Publishing Records¶

The following will outline specifics for Publishing a Record Group, with more general information about running Jobs here.

How does Publishing work in Combine?¶

As a tool for aggregating metadata, Combine must also have the ability to serve or distribute aggregated Records again. This is done by “publishing” in Combine, which happens at the Job level.

When a Job is published, a user may a Publish Set Identifier (publish_set_id) that is used to aggregate and group published Records. For example, in the built-in OAI-PMH server, that Publish Set Identifier becomes the OAI set ID, or for exported flat XML files, the publish_set_id is used to create a folder hierarchy.

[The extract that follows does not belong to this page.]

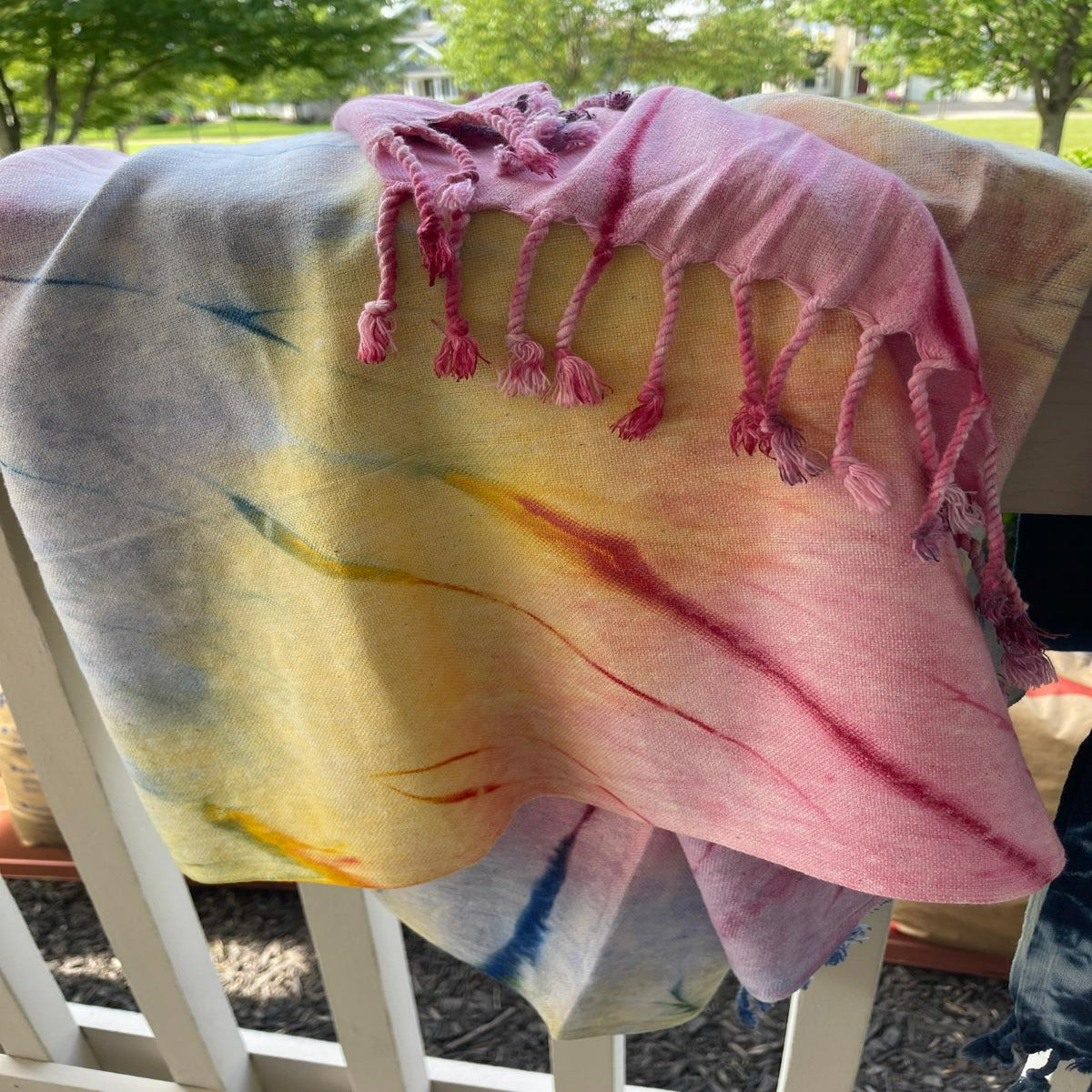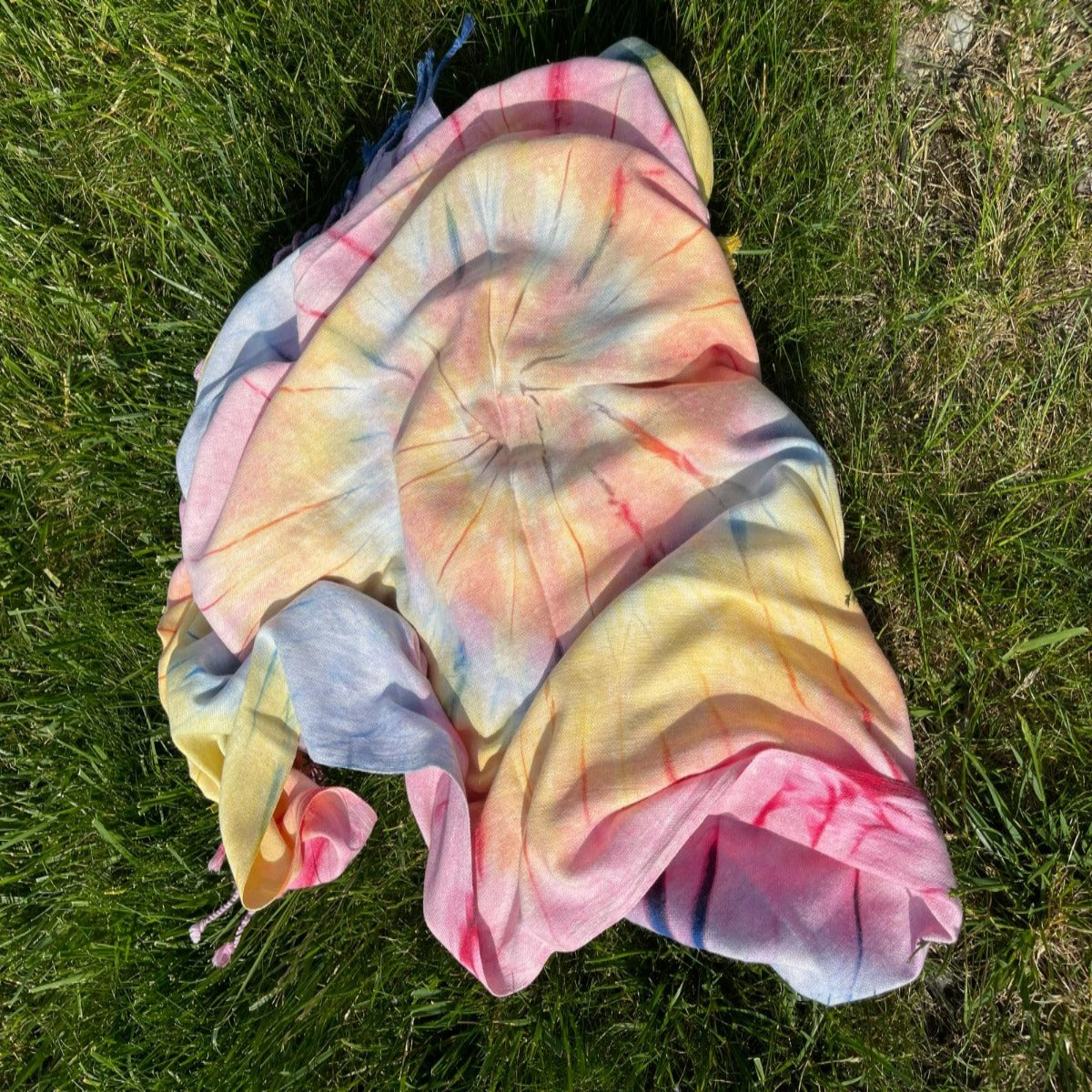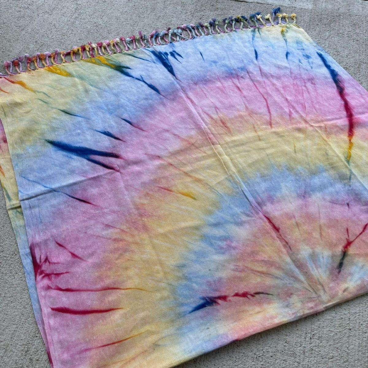 Experience the vibrant charm of our Wonder Peshtemal, perfect for the beach, camping, or any outdoor adventure. Each towel is a unique masterpiece, hand-loomed with care and dyed in a mesmerizing rainbow tie-dye pattern, ensuring no two towels are exactly alike.

Multiple Jobs can publish under the same Publish Set ID, allowing for grouping of materials when publishing.

Users may also select to publish a Job without a Publish Set Identifier, in which case the Records are still published, but will not aggregate under a particular publish set. In the outgoing OAI-PMH server, for example, the Records would not be a part of an OAI set (which is consistent and allowed in the standard).

On the back-end, publishing a Job adds a flag to Job that indicates it is published, with an optional publish_set_id. Unpublishing removes these flags, but maintains the Job and its Records.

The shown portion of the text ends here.